Kekerasan terhadap warga Rohingya di Myanmar [Foto: Istimewa]

Koran Sulindo – Genosida di Myanmar. Demikianlah judul berita berbagai media arus utama dunia dalam beberapa hari terakhir ini, termasuk di Indonesia. Foto-foto kekerasan dan pembantaian terhadap suku Rohingya di negara bagian Rakhine bertebaran di media sosial dan internet. Masyarakat bereaksi.

Derasnya arus informasi soal Rohingya mengaburkan antara fakta dan hoaks. Sulit membedakan kejadian sebenarnya dan informasi yang telah diubah. Di Indonesia – negara berpenduduk agama  Islam terbesar – kabar demikian langsung memicu reaksi yang berlebihan. Pemerintah pun dicerca karena dianggap tak mampu berbuat apapun kepada suku Rohingya yang juga mayoritas beragama Islam.

Sebagian masyarakat bahkan mendesak pemerintah agar mengusir Duta Besar Myanmar dari Indonesia. Pasalnya, pemerintah Myanmar membiarkan pembantaian terhadap warga Islam. Akan tetapi, pemerintah tentu saja tidak mau gegabah. Terlebih hanya Menteri Luar Negeri Retno LP Marsudi yang diizinkan berdialog dengan pemimpin de facto Myanmar Aung San Suu Kyi. Langkah diplomatik tersebut mendapat penghargaan luar biasa dari PBB dan sejumlah negara lain.

Dalam empat tahun terakhir, kekerasan terhadap kelompok Rohingya sebagai minoritas di Myanmar terus meningkat tajam. Kendati telah hidup berabad-abad di Myanmar, warga Rohingya acap mengalami kekerasan dari tentara dan kaum ultra-nasionalis yang sebagian adalah biksu Budha. Seperti tahun ini, kekerasan pada 2012 juga menyebabkan suku Rohingya mengungsi ke perbatasan negara-negara tetangga.

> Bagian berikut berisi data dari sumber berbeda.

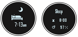 Si vous vous réveillez pendant la nuit, vous pouvez consulter l'heure sur votre iHealth Edge. Faite une rotation franche de votre poignet pour "réveiller" le iHealth Edge. L'heure et l'icône sommeil s'affichent pendant 4 secondes puis un rapport de votre sommeil effectué jusque là s'affiche pendant 3 secondes.

Sebuah tulisan di The Guardian berjudul Is Rohingya persecution caused by business interests rather than religion? dimuat pada awal tahun ini menyebutkan, pasukan militer memasuki sebuah pedesaan di negara bagian Rakhine dan menghancurkan setidaknya 1.500 bangunan serta menembaki warga. Korban berjatuhan baik laki-laki, perempuan maupun anak-anak. Sebuah video pun muncul dan tersebar di media sosial yang memperlihatkan warga desa duduk di tanah dengan tangan di atas kepala ketika tentara sedang memukuli seorang pria.

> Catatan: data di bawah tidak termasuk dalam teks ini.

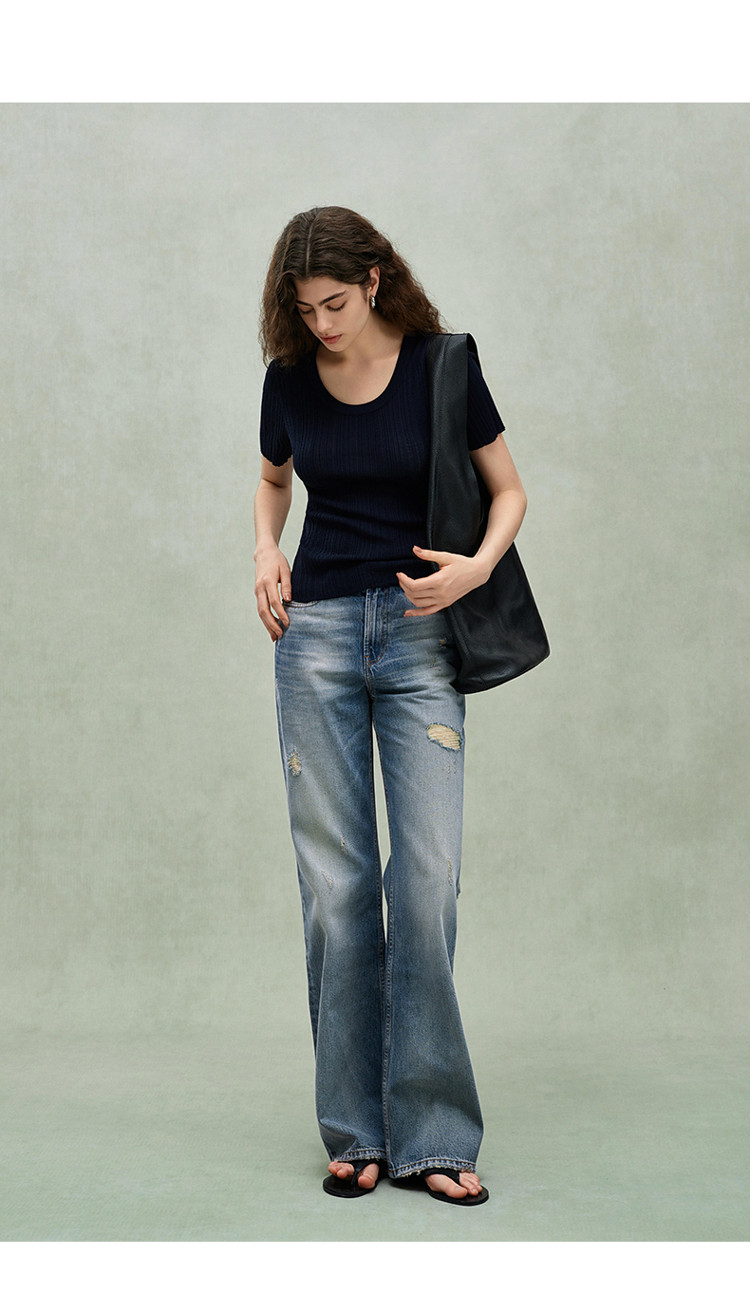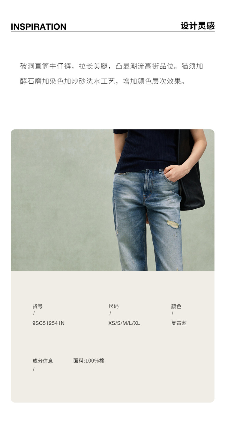 限定系列OCH.春装 复古显瘦蓝色直筒裤进口牛仔长裤女 949135

Sedangkan beberapa hari terakhir, badan PBB yang mengurusi pengungsi (UNHCR) mencatat sekitar 5.200 orang suku Rohingya memasuki Bangladesh sejak Kamis 31 Agustus lalu. Ribuan orang disebutkan berada di wilayah perbatasan Myanmar. UNHCR mendapat informasi ribuan orang Rohingya ini dilarang memasuki wilayah Bangladesh. Padahal, negara ini penting untuk menerima suku Rohingya demi keselamatan jiwa mereka.

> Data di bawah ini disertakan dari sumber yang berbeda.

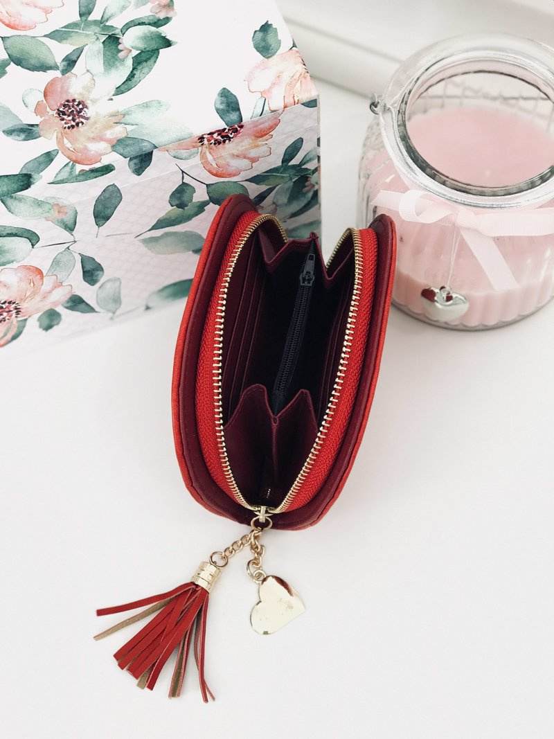 Portfólio červenej dámskej kabelky s Fringom

“Kami meminta masyarakat internasional untuk mendukung Bangladesh menerima suku Rohingya. Juga perlu memberi bantuan yang diperlukan para pengungsi,” demikian UNHCR yang dikutip dari laman resmi badan tersebut.

Dari fakta itu, liputan berbagai media terutama media arus utama menempatkan konflik Rohingya di Myanmar selalu dalam sudut pandang konflik agama atau etnis. Konflik tersebut dibatasi sebagai ciri dari penganiayaan terhadap agama Islam yang merupakan agama mayoritas suku Rohingya. Sedangkan, Human Rights Watch (HRW) menggambarkan kekerasan terhadap Rohingya sebagai kejahatan terhadap kemanusiaan yang berujung kepada pembersihan etnis tertentu atau disebut sebagai genosida.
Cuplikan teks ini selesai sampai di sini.